WHAT IS EXPECTED
Look for the line with "戻る途中にカツラの木の有るル" in the entries below, then extract that line and all lines after it exactly, with pictures left out.

RECORD SET
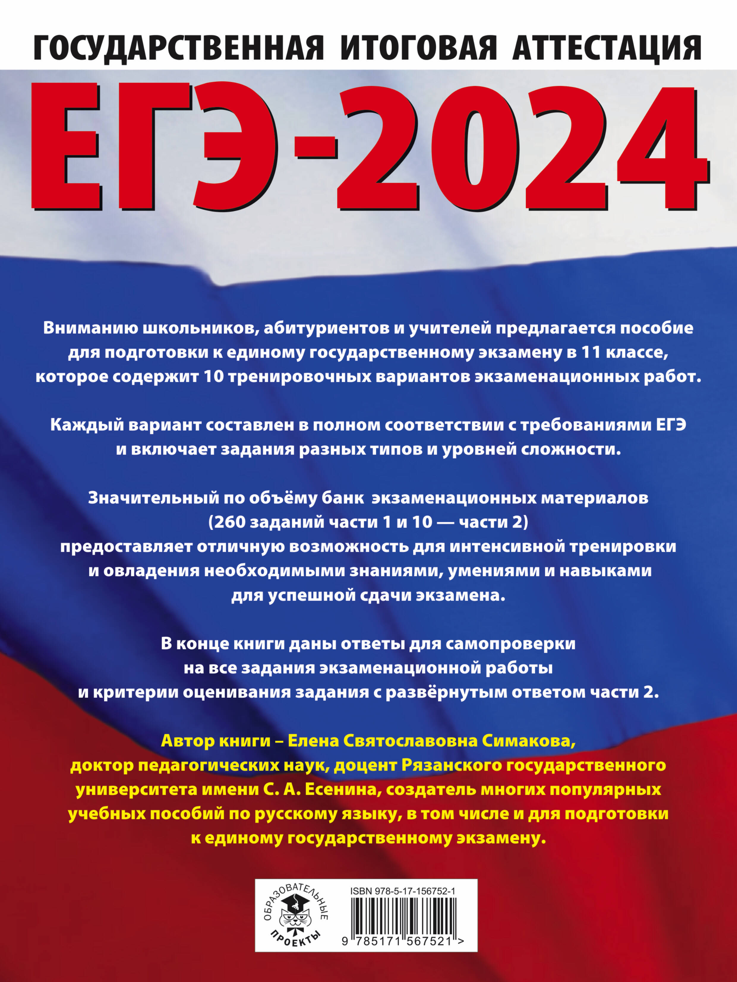 ЕГЭ-2024. Русский язык (60х84/8). 10 тренировочных вариантов экзаменационных работ для подготовки к единому государственному экзамену
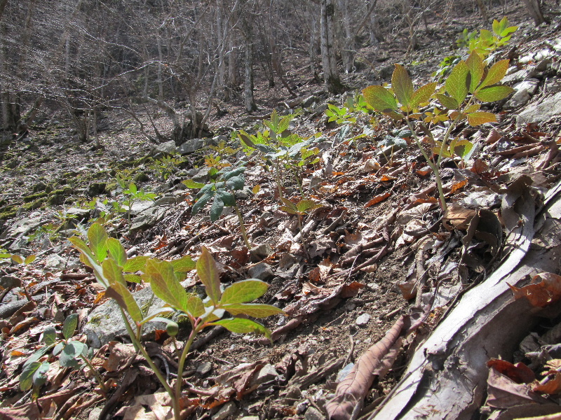 戻る途中にカツラの木の有るルンゼが気になった、岩が重なるルンゼだが明るく登って行けそうだある程度登って自然林帯をトラバースして帰ろう。
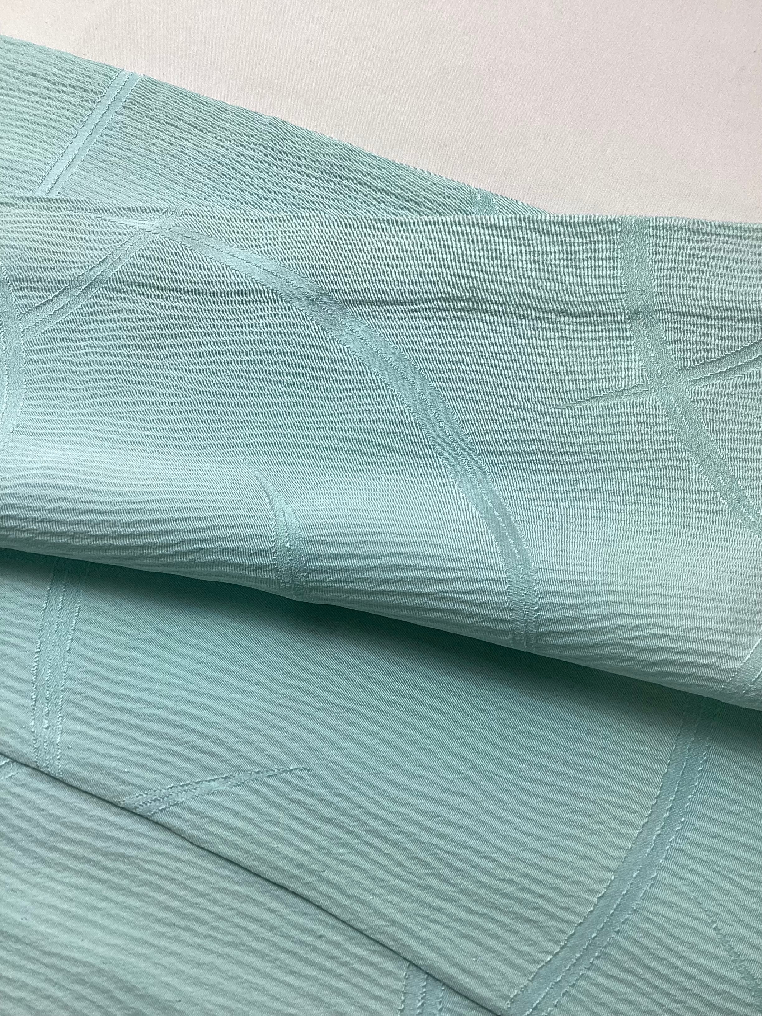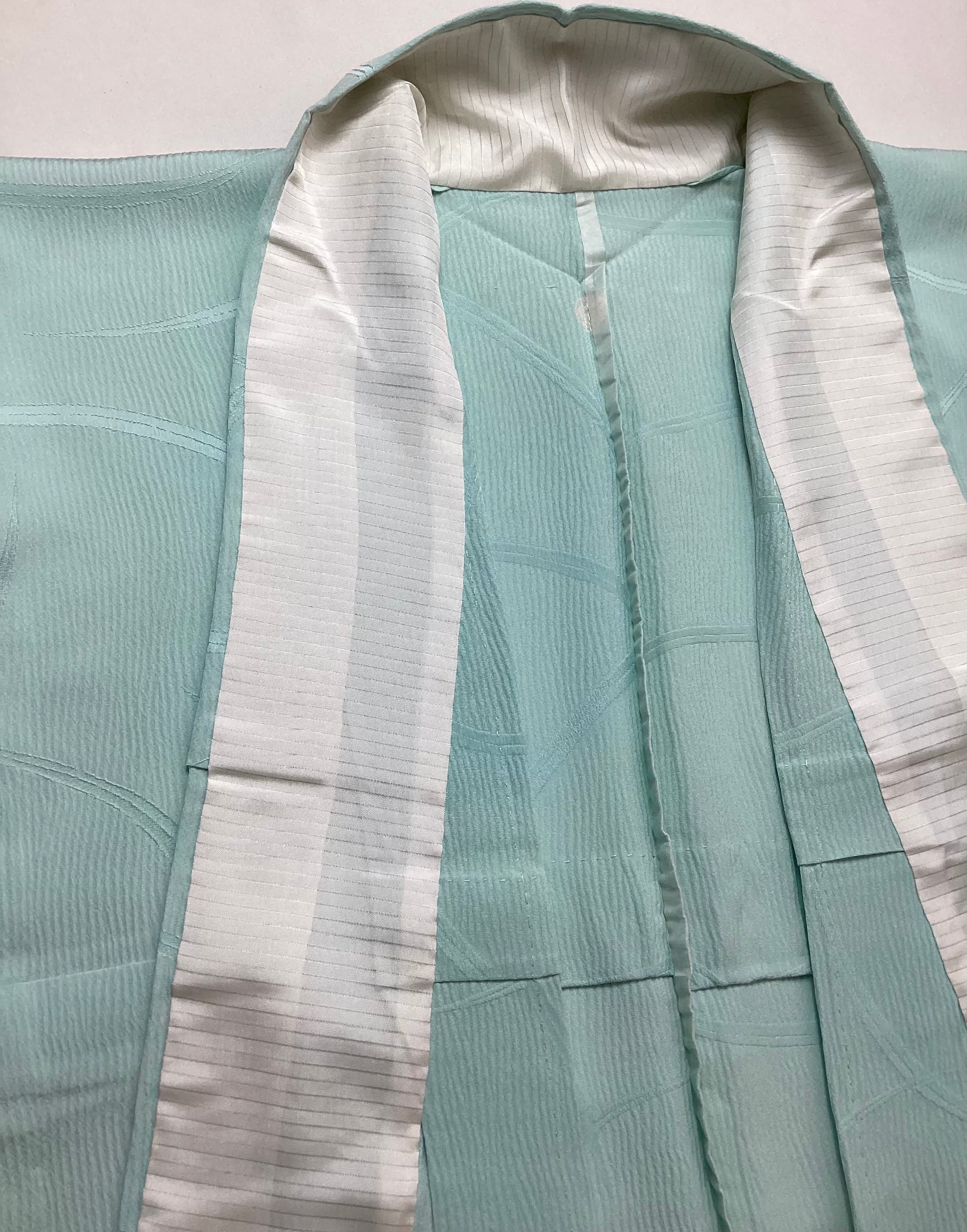 お単衣の季節に映える爽やかな水色の色無地です。楊柳の縦のポコポコとしたシボが肌に貼り付かず、さらりとしております。立体感のある生地の中に芝草の地紋のラインが涼しげです。お稽古ごとや、お茶席、初夏のお慶びごとに爽やかなお色目の色無地はいかがでしょうか。帯のコーディネート次第であらゆるシーンに活躍してくれるお品です。
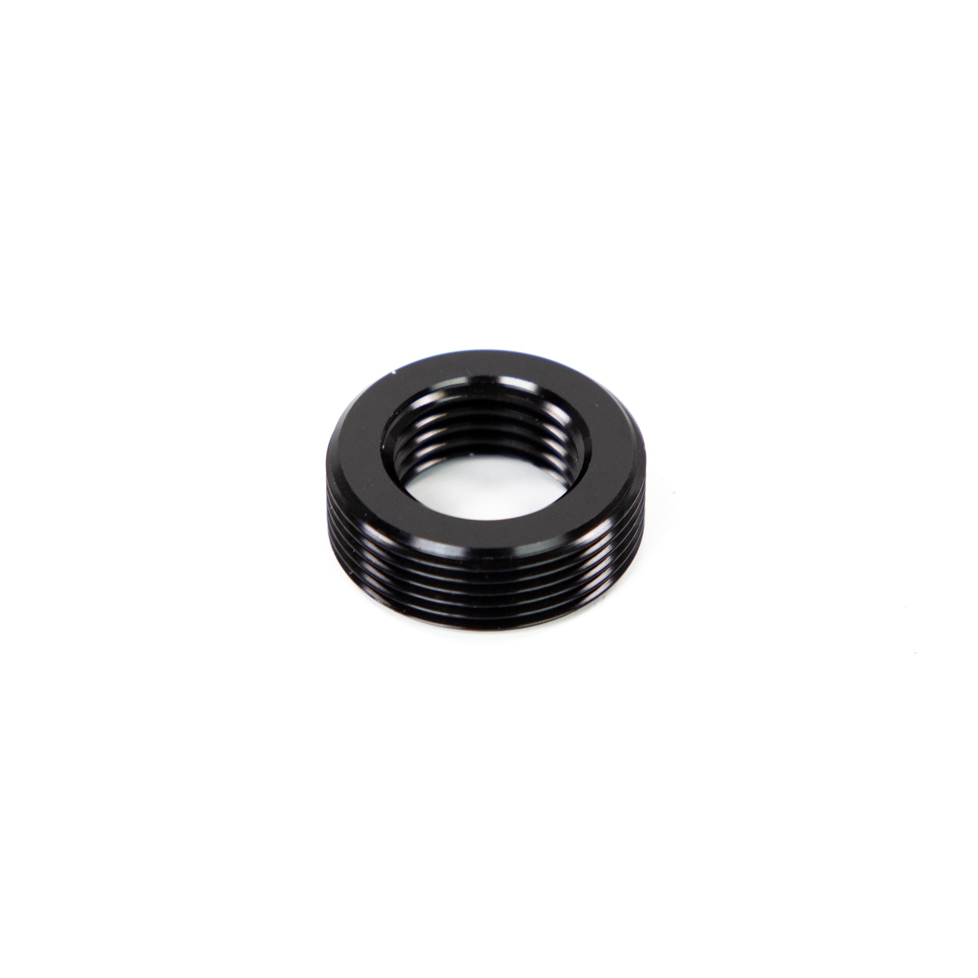 Thread bushing to convert 1/2" x 20 UNF Threading to M20x1 Threading. Aluminum with Black Anodizing, extremely light weight and durable, will not corrode, less likely to seize.
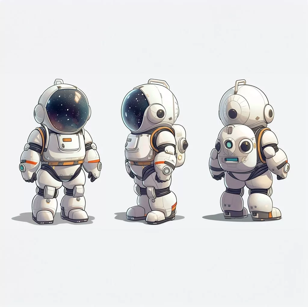 Por otro lado, los trajes espaciales están llenos de pliegues, botones, tubos y estructuras técnicas. Aquí se puede trabajar la textura y el volumen, usando sombras suaves para dar sensación de profundidad. El casco, por ejemplo, refleja el entorno: ¿qué se vería en ese reflejo? ¿Se atreverá quien colorea a dibujar su propia Tierra en miniatura, lejana?
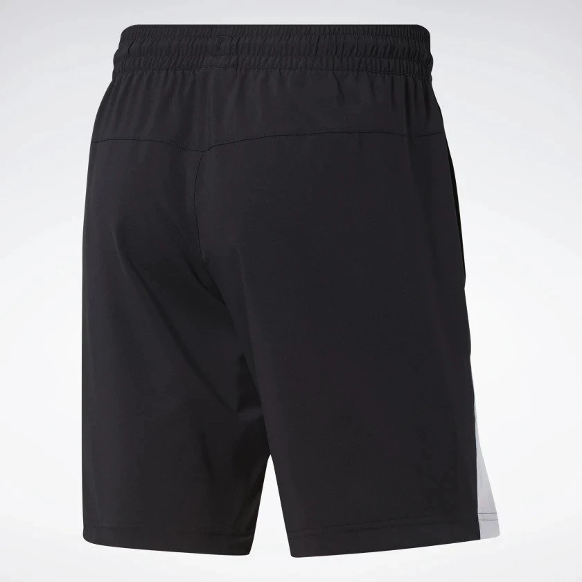 Pánské šortky REEBOK Workout Ready Graphic Shorts - černobíléPánské šortky REEBOK Workout Ready v černobílé barvě. Pánské šortky REEBOK jsou vyrobeny z lehkého 100% polyesteru. Šortky mají pohodlný střih a boční kapsy.
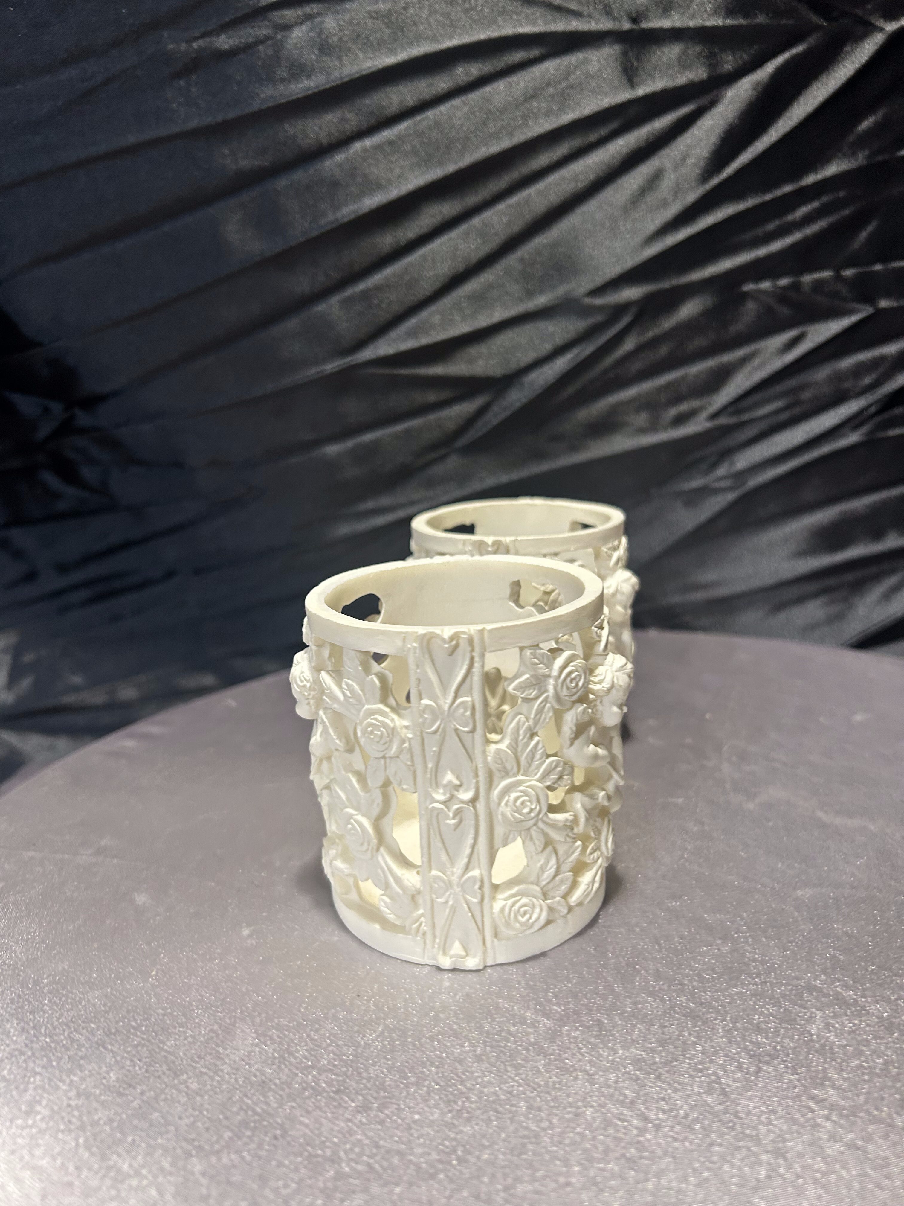 Komplet dwóch świeczników ceramicznych – ażurowe z aniołkami – romantyczna dekoracja
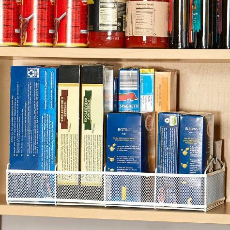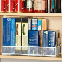 No more digging for the kind of chips you want! Keep them neat and orderly in this Chip Bag Organizer. It holds 4 large bags of chips or several small ones. This powder-coated metal caddy is strong and makes the ideal storage solution for kitchens and pantries. It can also hold drinks, pasta, soups, canned goods, bottles and many other items. Made from: MetalMeasurements: 16-1/2″W x 9-1/4″D x 4″H, overallEach section, 3-7/8″W x 9-1/8″D x 3-1/4″ to 3-5/8″H
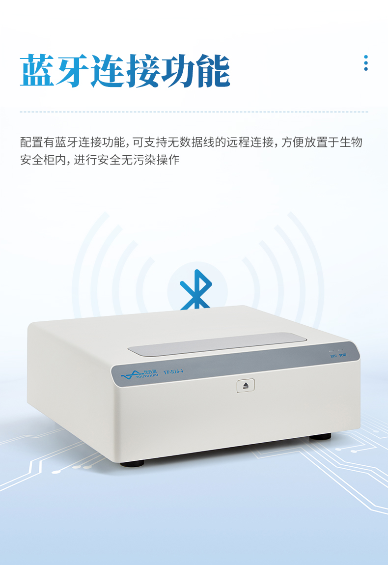 儀器配置有藍牙連接功能,可支持無數(shù)據(jù)線的遠程連接,方便放置于生物安全柜內(nèi),進行安全無污染操作。
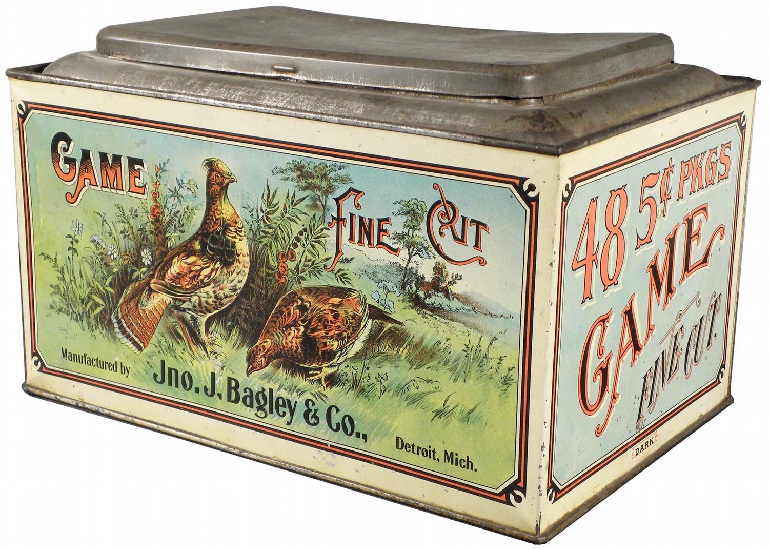 Game Fine Cut Tobacco Tin Store Bin. Mfg. Jno. J. Bagley & Co. Detroit, MI. Excellent original condition. 11 1/2 X 7 1/4 X 8 inches.
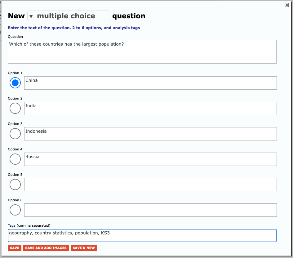 You can see I have added the first two option images. I could have also/alternatively added an image for the question.

RESPONSE TO THE EXERCISE
 戻る途中にカツラの木の有るルンゼが気になった、岩が重なるルンゼだが明るく登って行けそうだある程度登って自然林帯をトラバースして帰ろう。
 お単衣の季節に映える爽やかな水色の色無地です。楊柳の縦のポコポコとしたシボが肌に貼り付かず、さらりとしております。立体感のある生地の中に芝草の地紋のラインが涼しげです。お稽古ごとや、お茶席、初夏のお慶びごとに爽やかなお色目の色無地はいかがでしょうか。帯のコーディネート次第であらゆるシーンに活躍してくれるお品です。
 Thread bushing to convert 1/2" x 20 UNF Threading to M20x1 Threading. Aluminum with Black Anodizing, extremely light weight and durable, will not corrode, less likely to seize.
 Por otro lado, los trajes espaciales están llenos de pliegues, botones, tubos y estructuras técnicas. Aquí se puede trabajar la textura y el volumen, usando sombras suaves para dar sensación de profundidad. El casco, por ejemplo, refleja el entorno: ¿qué se vería en ese reflejo? ¿Se atreverá quien colorea a dibujar su propia Tierra en miniatura, lejana?
 Pánské šortky REEBOK Workout Ready Graphic Shorts - černobíléPánské šortky REEBOK Workout Ready v černobílé barvě. Pánské šortky REEBOK jsou vyrobeny z lehkého 100% polyesteru. Šortky mají pohodlný střih a boční kapsy.
 Komplet dwóch świeczników ceramicznych – ażurowe z aniołkami – romantyczna dekoracja
 No more digging for the kind of chips you want! Keep them neat and orderly in this Chip Bag Organizer. It holds 4 large bags of chips or several small ones. This powder-coated metal caddy is strong and makes the ideal storage solution for kitchens and pantries. It can also hold drinks, pasta, soups, canned goods, bottles and many other items. Made from: MetalMeasurements: 16-1/2″W x 9-1/4″D x 4″H, overallEach section, 3-7/8″W x 9-1/8″D x 3-1/4″ to 3-5/8″H
 儀器配置有藍牙連接功能,可支持無數(shù)據(jù)線的遠程連接,方便放置于生物安全柜內(nèi),進行安全無污染操作。
 Game Fine Cut Tobacco Tin Store Bin. Mfg. Jno. J. Bagley & Co. Detroit, MI. Excellent original condition. 11 1/2 X 7 1/4 X 8 inches.
 You can see I have added the first two option images. I could have also/alternatively added an image for the question.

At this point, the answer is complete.